Descriptive statistics

Non-parametrics

Introduction

In this module, Stata will mainly be used to demonstrate the various procedures. However, nearly all main statistical packages, such as SPSS and SAS can undertake the same analyses. Many statistical tests make the assumption
that the variable of interest, or dependent variable, has a normal (bell-shaped) distribution.  How can we tell if the variable is normally distributed?  The data below are the SF-36 physical health scores for 205 military recruits. The SF-36 scales range from 0 (poorest quality of life) to 1 (best quality of life).

  

The distribution clearly looks skewed with a long left-hand detail.  This is quite typical of quality of life measures, where the majority of people have a good quality of life.

We can have a quick look at the shape of the distribution, by creating a histogram. We do this in Stata using the histogram procedure.

hist phy_b

This quite clearly shows the long left-hand tail.

 

We can also get a smoother quick look at the distribution, using the Stata kdensity command.

kdensity phy_b

The long left-hand tail is even clearer.
 

A final quick check on the shape of the distribution, is by undertaking a box plot. We use the graph box procedure in Stata to do this.

graph box phy_b

In the box plot, the centre line is the median. For a normal distribution, it should be in the centre of the shaded area.  The two horizontal lines at the edge of the shaded area represent the 25th and 75th percentile. The two extreme horizontal lines are called the lower and upper adjacent values.  They are 1.5 iqr (interquartile range) away from the 25th and 75th percentiles. Finally, the dots represent outliers.

 Test of symmetry

The normal distribution is symmetrical about the mean, so the first thing we can do is check to see if our distribution is symmetrical. This is easily done in Stata using the symplot procedure.

symplot phy_b

A symmetry plot graphs the distance above the median for the i-th value against the distance below the median for the i-th value.

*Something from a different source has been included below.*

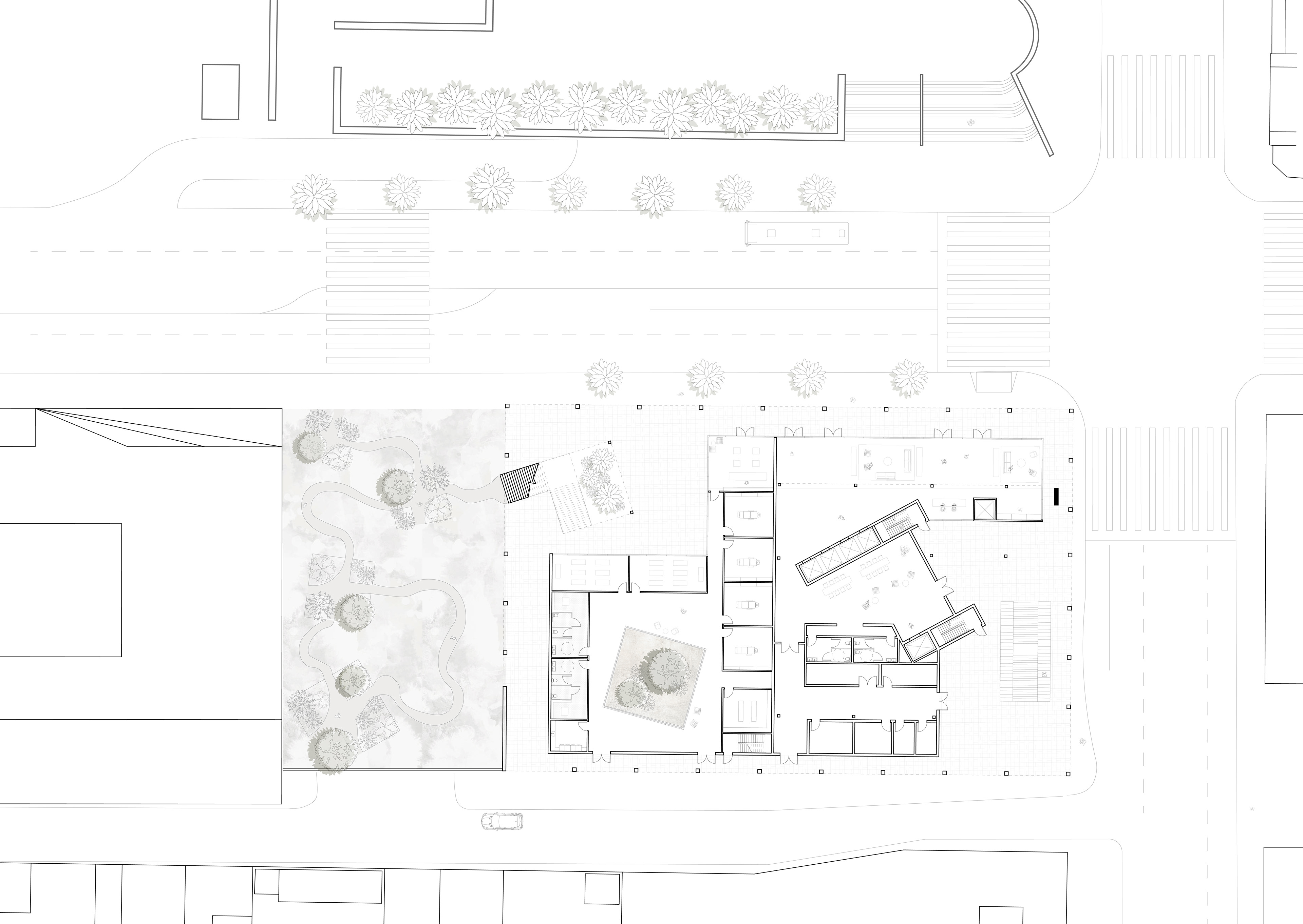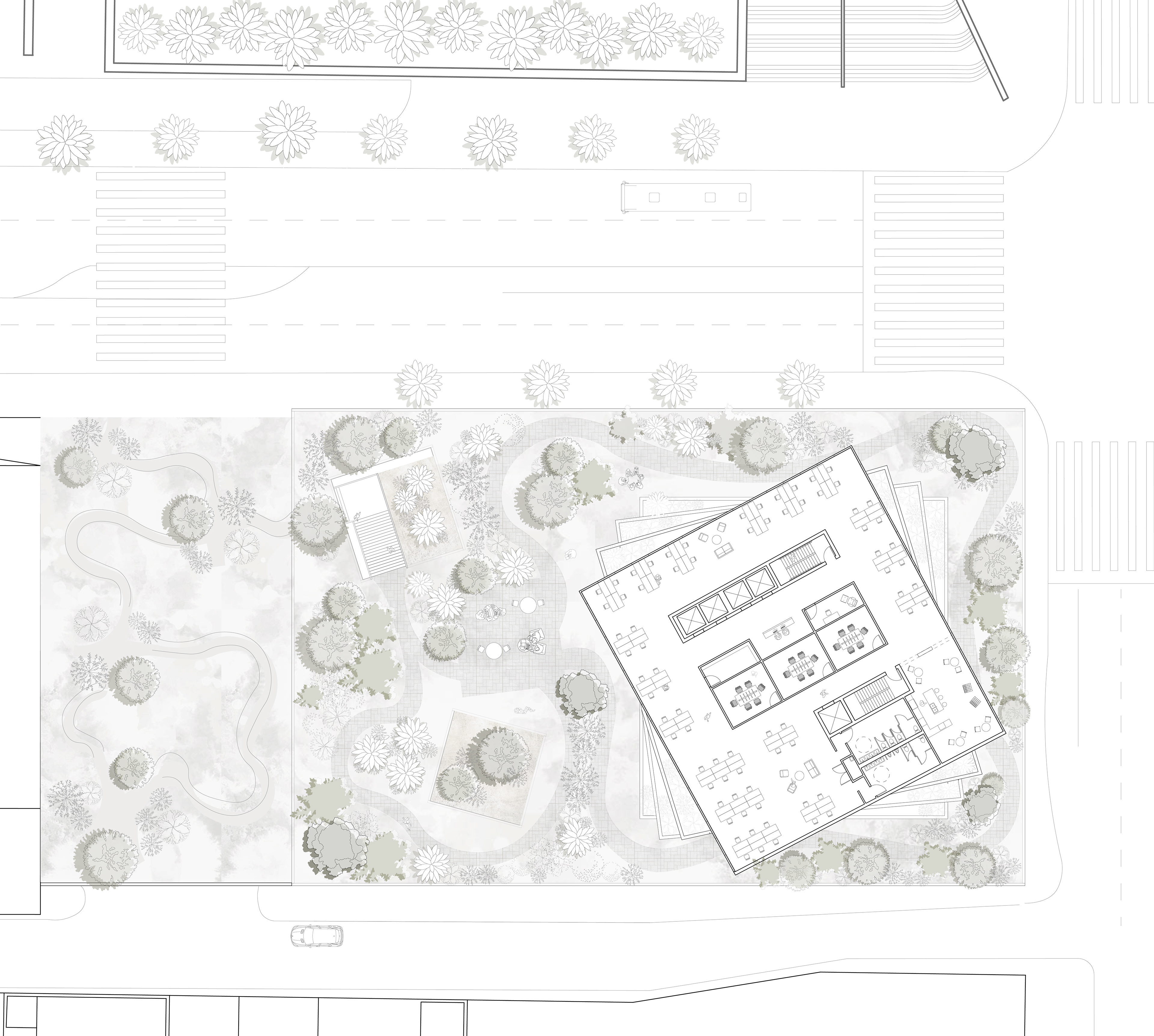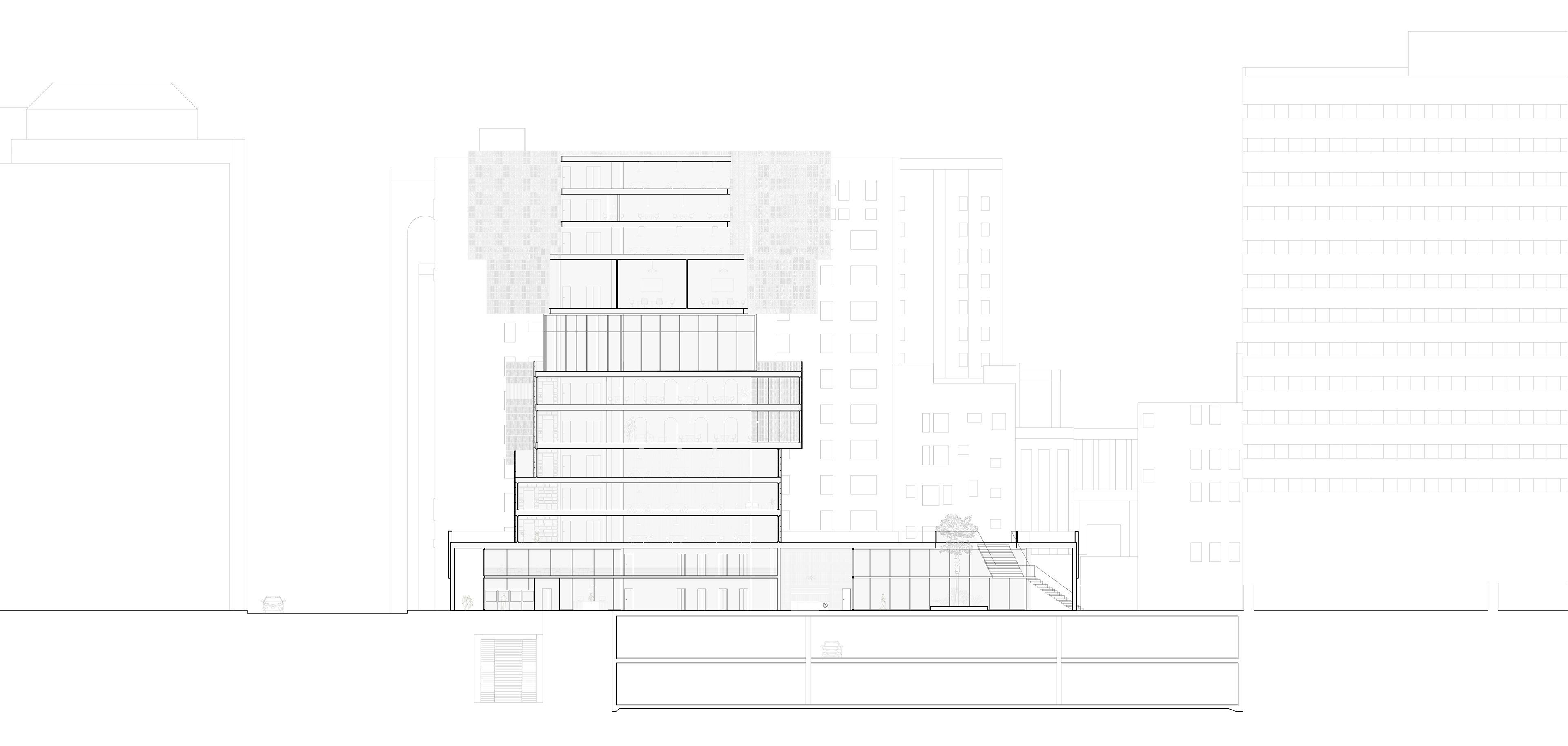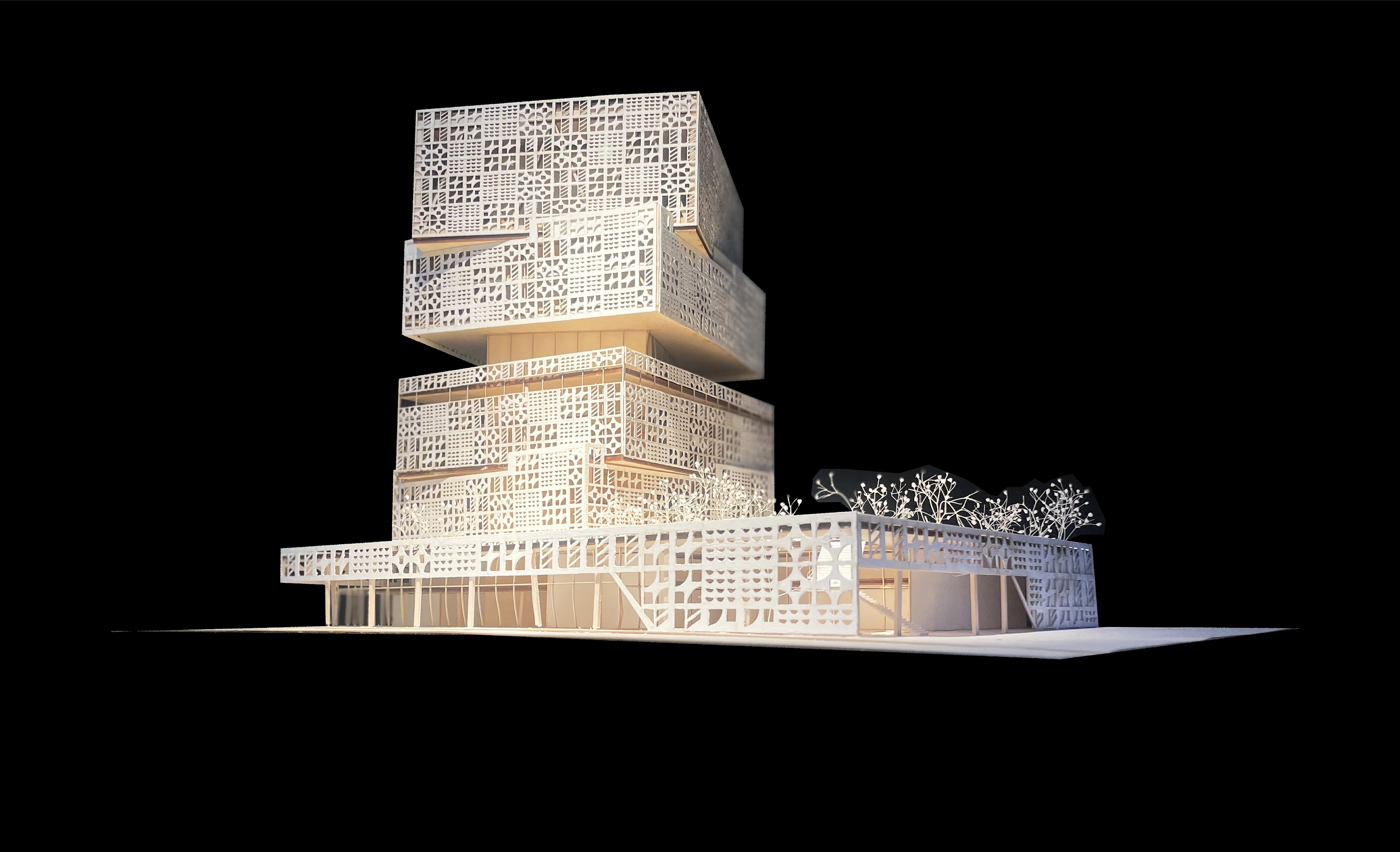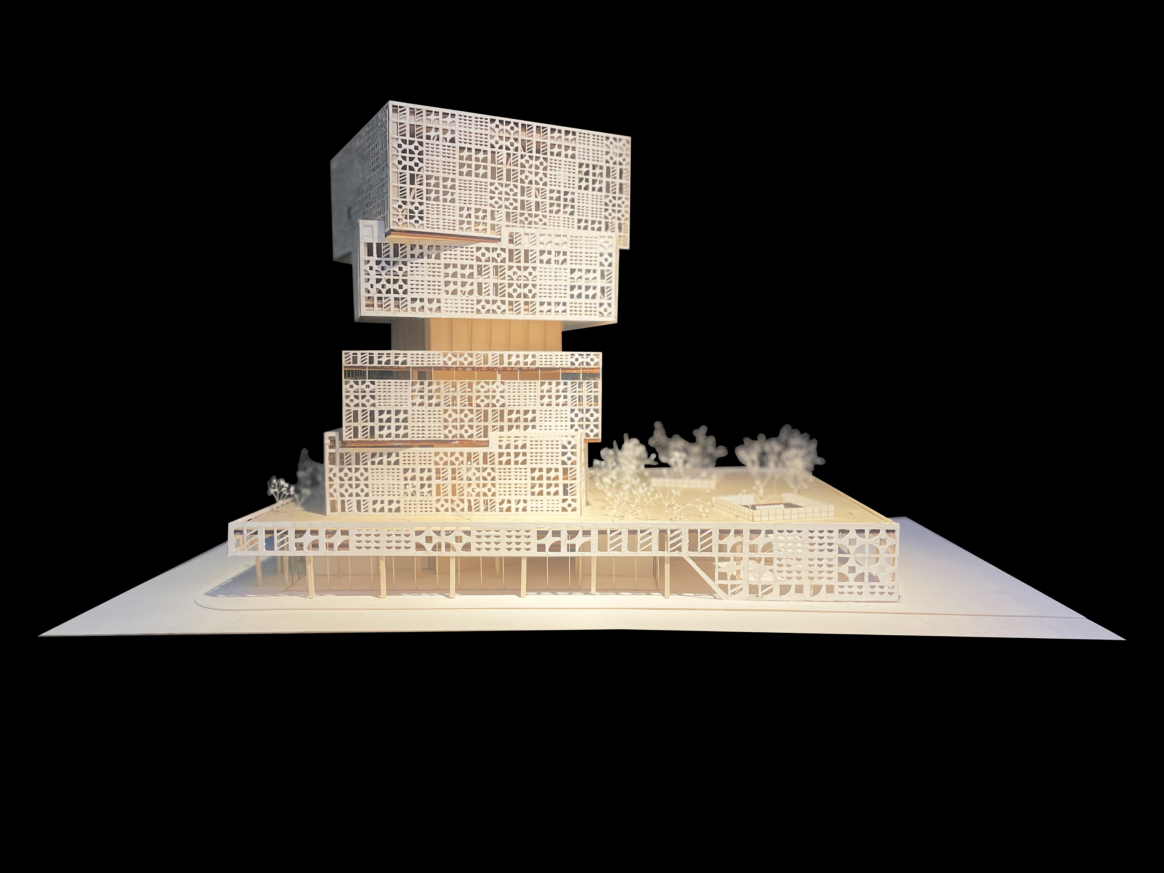 Twisting Ecosystems is an innovative office project in the heart of downtown Los Angeles. The design of the office aims to connect occupants with natural elements through the use of an extensive outdoor terrace, connection to the adjacent park, and a twisted form that removes the rigidity and stoic feel to the tower. and replaces it with more opportunities for light and greenery. There are twelve total floors with retail space occupying the first two levels in order to bring in foot traffic from the street. The exterior facade, made from perforated terracotta panels, eliminates harsh sunlight to maintain energy efficiency and rainwater is collected using cisterns that are then used to water the vegetation on site.

A variable that is symmetric would have points that lie on the diagonal line.  Clearly, this is not the case for our data.

Normal quantile plot

 A normal quantile plot graphs the quantiles of a variable against the quantiles of a normal distribution. We ask for it using the Stata qnorm procedure.

qnorm phy_b  

qnorm is sensitive to non-normality near the tails, and we see considerable deviations from the diagonal line in the tails.

 

Standardised normal probability (Q-Q) plot

In a standardized normal probability plot, the sorted data are plotted vs. values selected to make the resulting image look close to a straight line if the data are approximately normally distributed. We use the Stata pnorm procedure to obtain this plot.

pnorm phy_b

        

The standardized normal probability plot is sensitive to deviations from normality nearer to the centre of the distribution. We again see some departure from the diagonal line near the centre. 

Statistical test of departure from normality

There are several tests available to formally test for departure from normality, including the Shapiro-Wilk test, Shapiro-Francia test, and the Kolmogorov-Smirnov test. The Shapiro-Wilk test is suitable for sample sizes ranging from 4 – 2000. It is undertaken in Stata using the swilk command. The null hypothesis is that the distribution is normally distributed.

swilk phy_b   

       

The very small probability leads us to reject the null hypothesis of normality.  However, the test is sensitive to sample size, and high likely to be statistically significant for large sample sizes, hence, it should be used with some of the other plots.

Skewness and kurtosis

Even better than an overall test of normality, such as the Shapiro-Wilk test, we can look at skewness and kurtosis separately. Skewness is a measure of asymmetry, and kurtosis a measure of how flt or high peaked the distribution is.  We can test for skewness and kurtosis using the Stata sktest procedure.

sktest phy_b 

          

sktest first checks for skewness, then kurtosis, and finally provides a joint test.  From the above, both skewness and kurtosis are acceptable, individually and jointly.